## Task item
Word for word, transcribe every line from the one holding "Once the proximity" through the end of the records, but not the pictures.

BEGIN Data for analysis

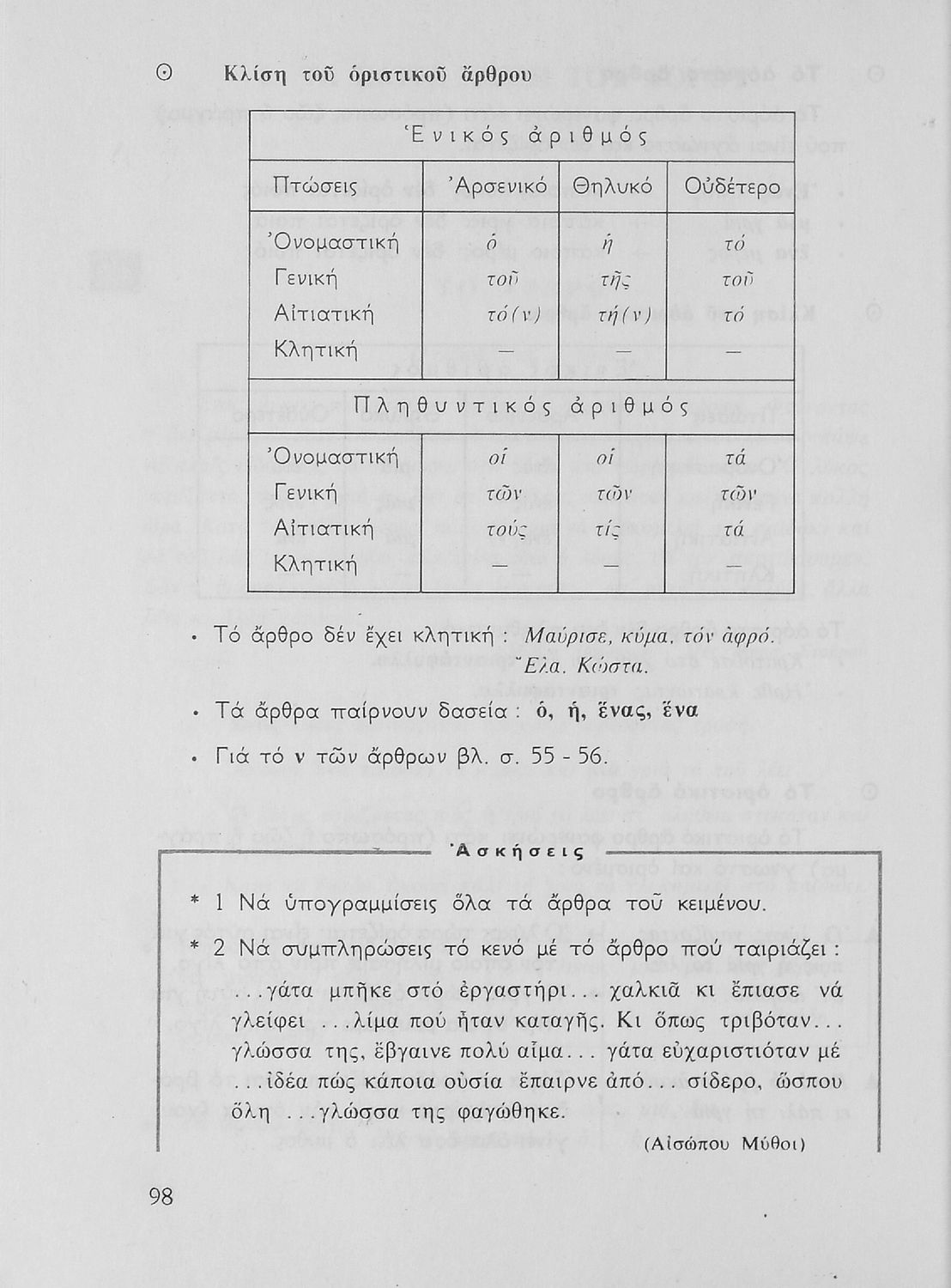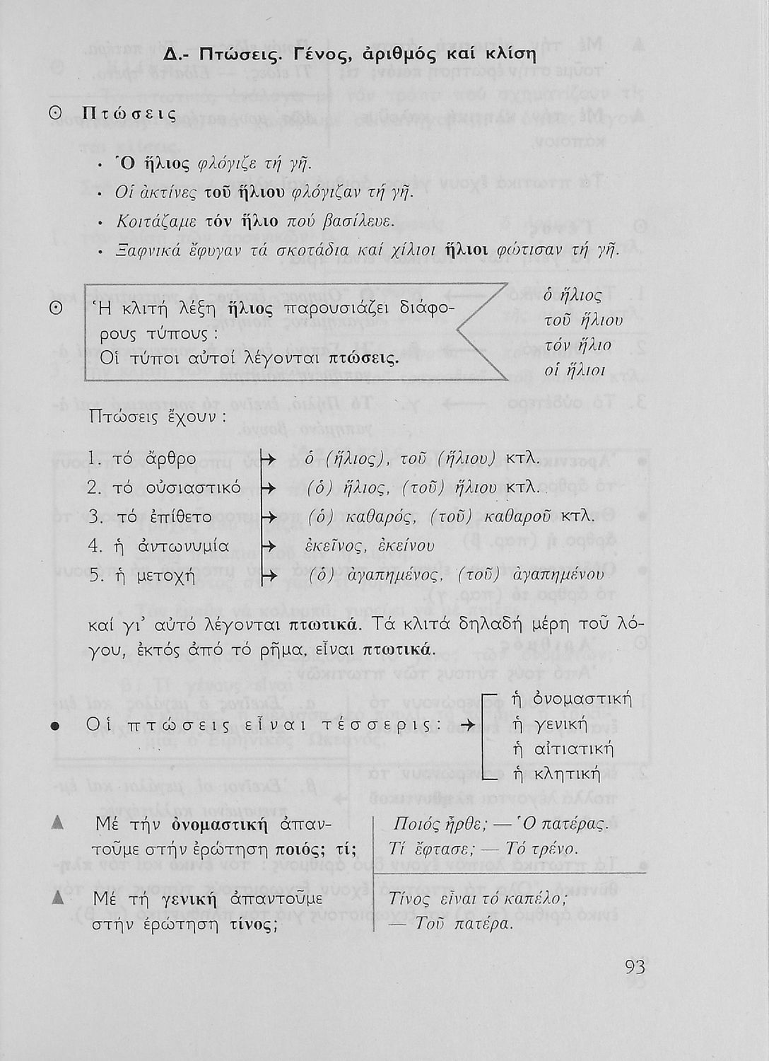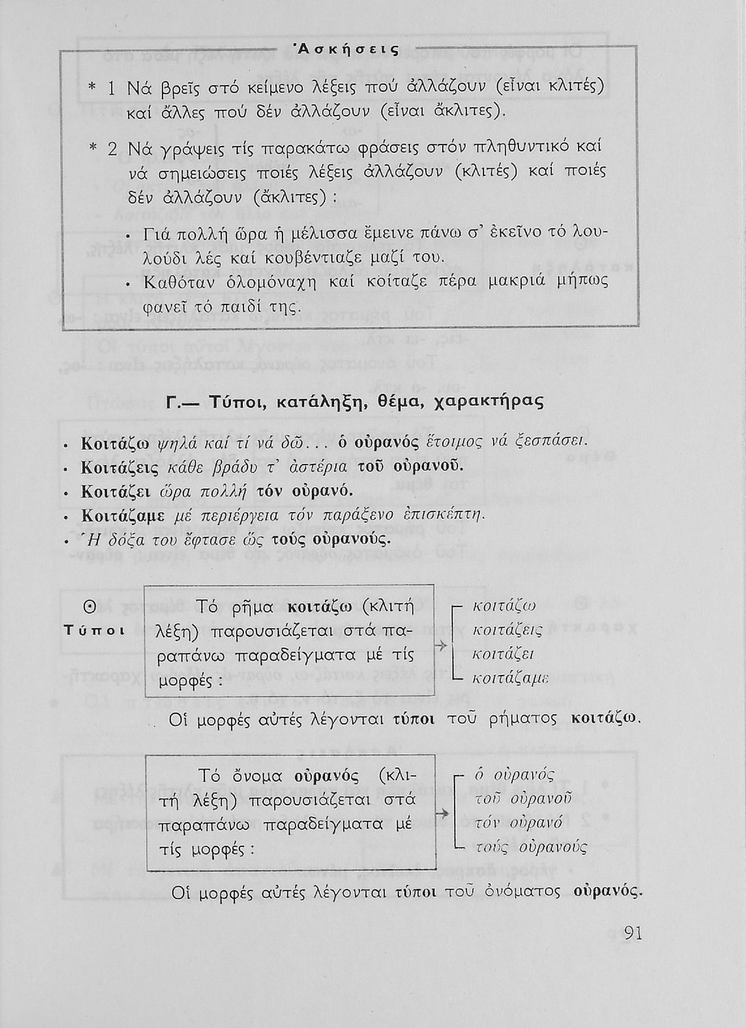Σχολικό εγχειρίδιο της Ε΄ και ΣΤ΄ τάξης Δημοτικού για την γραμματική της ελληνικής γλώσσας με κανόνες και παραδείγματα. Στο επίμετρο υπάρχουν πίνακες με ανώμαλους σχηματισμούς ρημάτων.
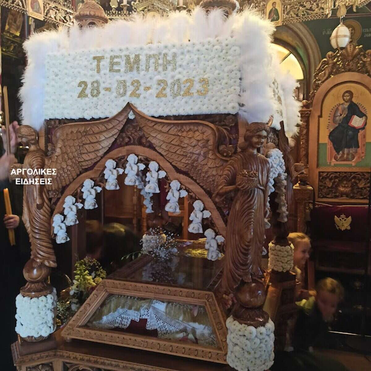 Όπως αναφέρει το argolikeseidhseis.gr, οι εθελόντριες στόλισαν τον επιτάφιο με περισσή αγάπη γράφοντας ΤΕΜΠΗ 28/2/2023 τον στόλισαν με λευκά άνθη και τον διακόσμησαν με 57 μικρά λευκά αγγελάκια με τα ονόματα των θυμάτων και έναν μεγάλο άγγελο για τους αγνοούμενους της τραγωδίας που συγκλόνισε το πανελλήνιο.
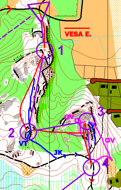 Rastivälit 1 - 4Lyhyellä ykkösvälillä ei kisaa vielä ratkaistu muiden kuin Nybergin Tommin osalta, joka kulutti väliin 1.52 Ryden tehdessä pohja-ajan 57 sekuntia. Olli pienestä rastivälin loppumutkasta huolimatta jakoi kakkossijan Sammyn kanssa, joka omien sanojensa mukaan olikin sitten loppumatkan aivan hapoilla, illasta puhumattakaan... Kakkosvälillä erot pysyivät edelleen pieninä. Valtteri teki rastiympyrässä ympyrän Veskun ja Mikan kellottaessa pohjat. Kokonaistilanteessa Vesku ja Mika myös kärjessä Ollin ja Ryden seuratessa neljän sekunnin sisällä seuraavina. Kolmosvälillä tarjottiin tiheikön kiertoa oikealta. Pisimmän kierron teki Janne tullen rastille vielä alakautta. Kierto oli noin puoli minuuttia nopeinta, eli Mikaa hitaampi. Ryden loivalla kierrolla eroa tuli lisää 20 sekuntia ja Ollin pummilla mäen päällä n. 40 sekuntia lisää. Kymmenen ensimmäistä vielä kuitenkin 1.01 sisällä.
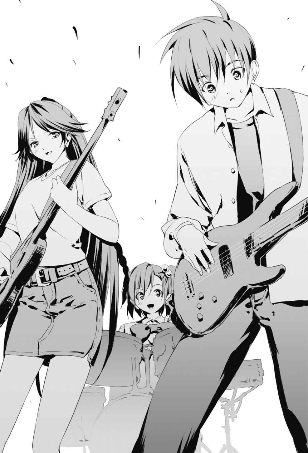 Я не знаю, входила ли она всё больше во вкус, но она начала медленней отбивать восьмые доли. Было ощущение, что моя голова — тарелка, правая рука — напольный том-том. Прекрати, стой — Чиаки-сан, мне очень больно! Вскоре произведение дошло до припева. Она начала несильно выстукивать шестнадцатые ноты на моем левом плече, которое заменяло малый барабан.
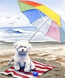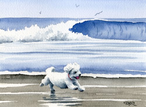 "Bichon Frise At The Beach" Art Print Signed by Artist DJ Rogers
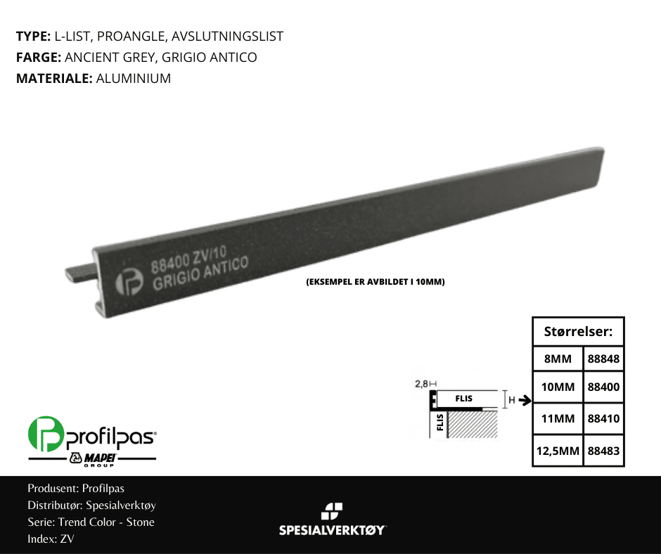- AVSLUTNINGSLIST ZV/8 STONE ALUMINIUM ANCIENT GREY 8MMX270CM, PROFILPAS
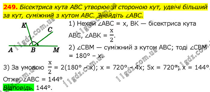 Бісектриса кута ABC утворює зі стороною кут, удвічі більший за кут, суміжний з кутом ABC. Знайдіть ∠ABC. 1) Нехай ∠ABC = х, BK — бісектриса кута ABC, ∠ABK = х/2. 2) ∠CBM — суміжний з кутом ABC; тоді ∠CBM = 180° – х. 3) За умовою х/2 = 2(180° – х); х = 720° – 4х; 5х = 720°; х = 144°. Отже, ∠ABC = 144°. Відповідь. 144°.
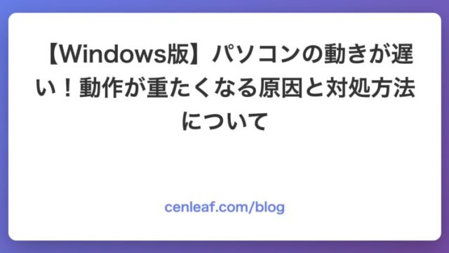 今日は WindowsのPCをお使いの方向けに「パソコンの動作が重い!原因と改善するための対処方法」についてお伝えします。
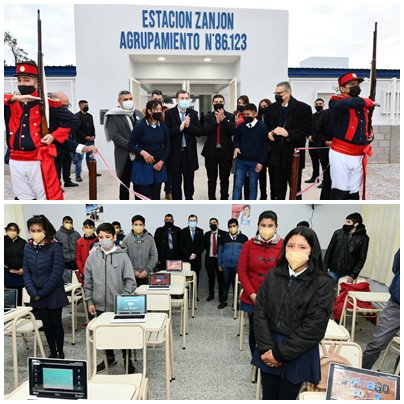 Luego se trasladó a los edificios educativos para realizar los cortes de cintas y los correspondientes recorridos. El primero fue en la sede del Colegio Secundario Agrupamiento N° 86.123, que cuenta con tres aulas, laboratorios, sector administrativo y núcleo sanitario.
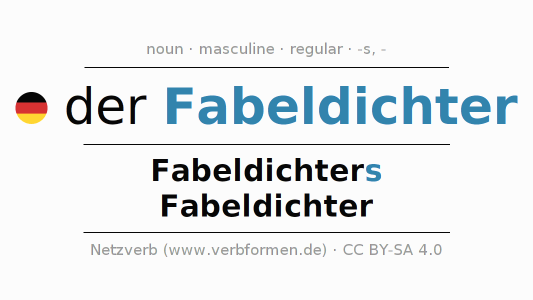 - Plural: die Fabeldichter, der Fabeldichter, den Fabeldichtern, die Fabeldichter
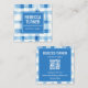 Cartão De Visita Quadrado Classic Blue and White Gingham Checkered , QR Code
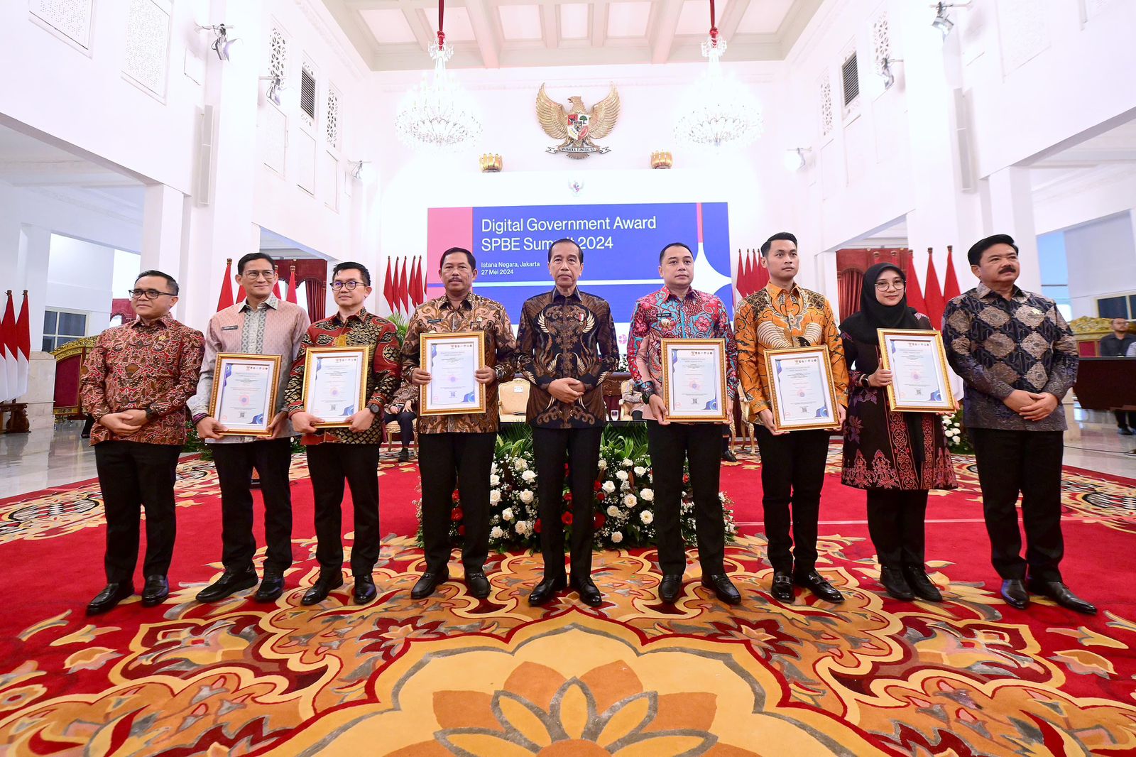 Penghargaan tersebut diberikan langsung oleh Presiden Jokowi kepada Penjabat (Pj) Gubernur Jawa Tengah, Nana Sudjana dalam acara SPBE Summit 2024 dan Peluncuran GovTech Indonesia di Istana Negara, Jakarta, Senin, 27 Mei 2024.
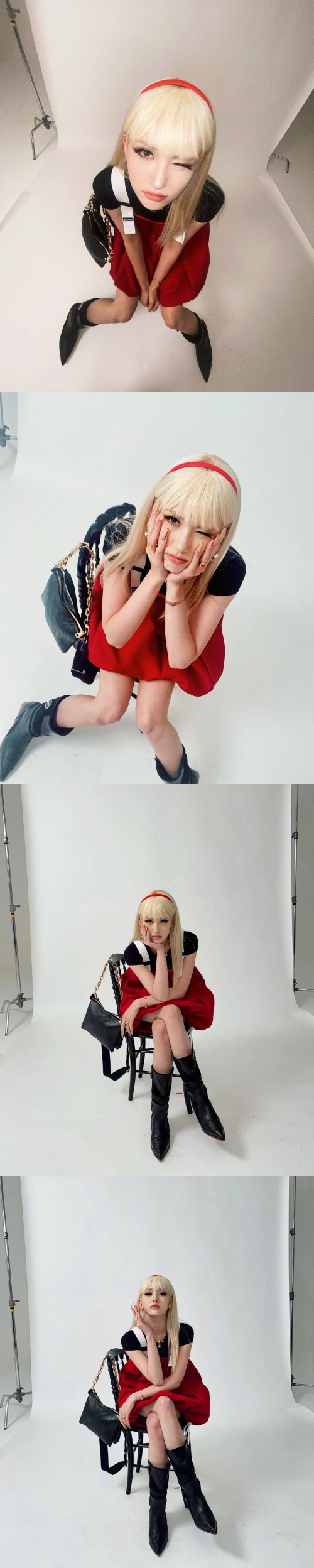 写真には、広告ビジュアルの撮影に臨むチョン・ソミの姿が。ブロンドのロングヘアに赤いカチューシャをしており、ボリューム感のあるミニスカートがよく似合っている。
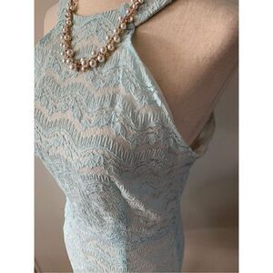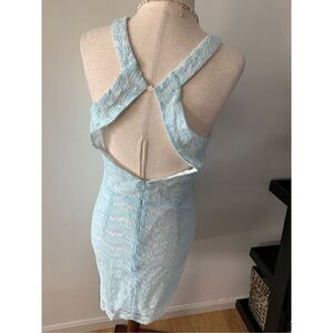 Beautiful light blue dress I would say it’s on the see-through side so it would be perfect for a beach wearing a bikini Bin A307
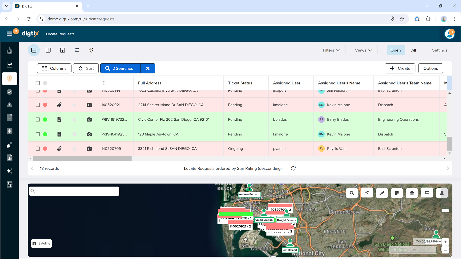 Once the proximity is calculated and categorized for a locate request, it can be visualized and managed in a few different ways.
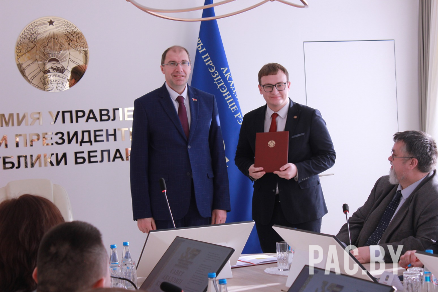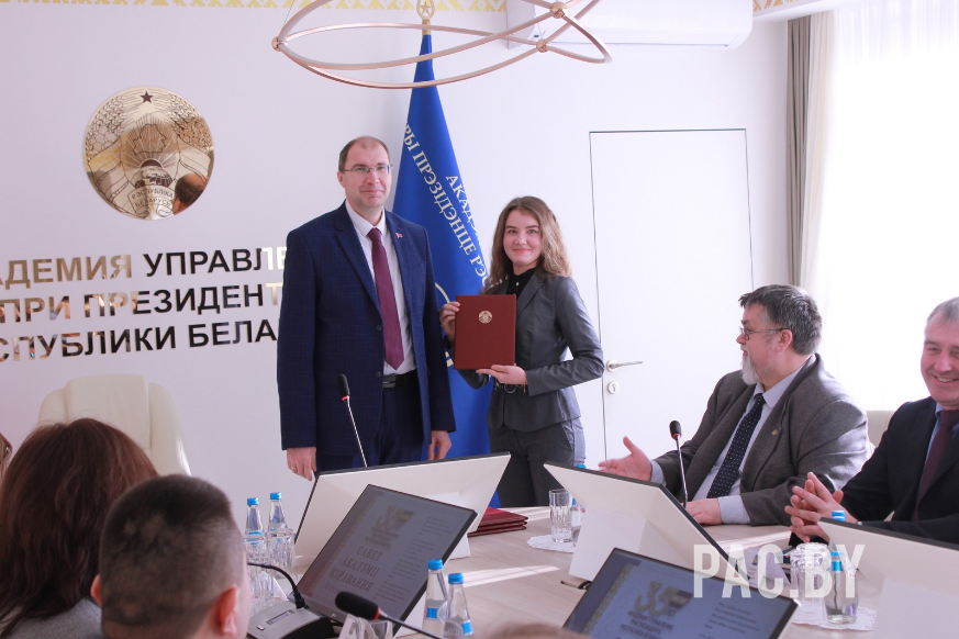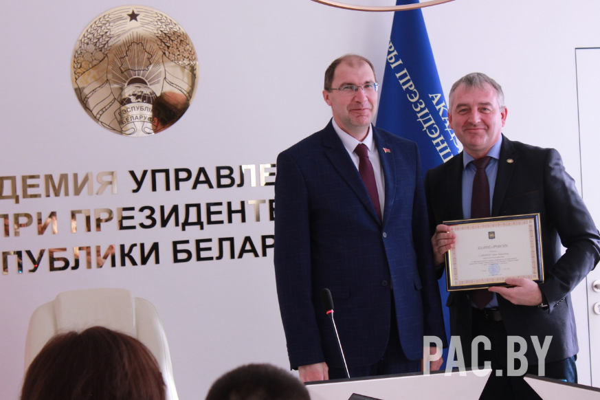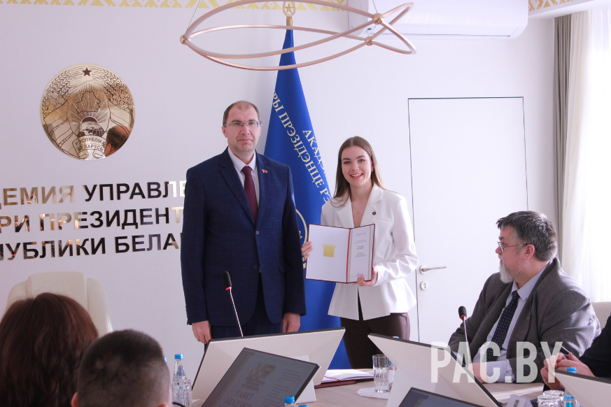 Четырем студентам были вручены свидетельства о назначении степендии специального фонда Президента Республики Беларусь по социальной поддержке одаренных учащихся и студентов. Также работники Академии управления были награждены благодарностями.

END Data for analysis

## Response to this task
 Once the proximity is calculated and categorized for a locate request, it can be visualized and managed in a few different ways.
 Четырем студентам были вручены свидетельства о назначении степендии специального фонда Президента Республики Беларусь по социальной поддержке одаренных учащихся и студентов. Также работники Академии управления были награждены благодарностями.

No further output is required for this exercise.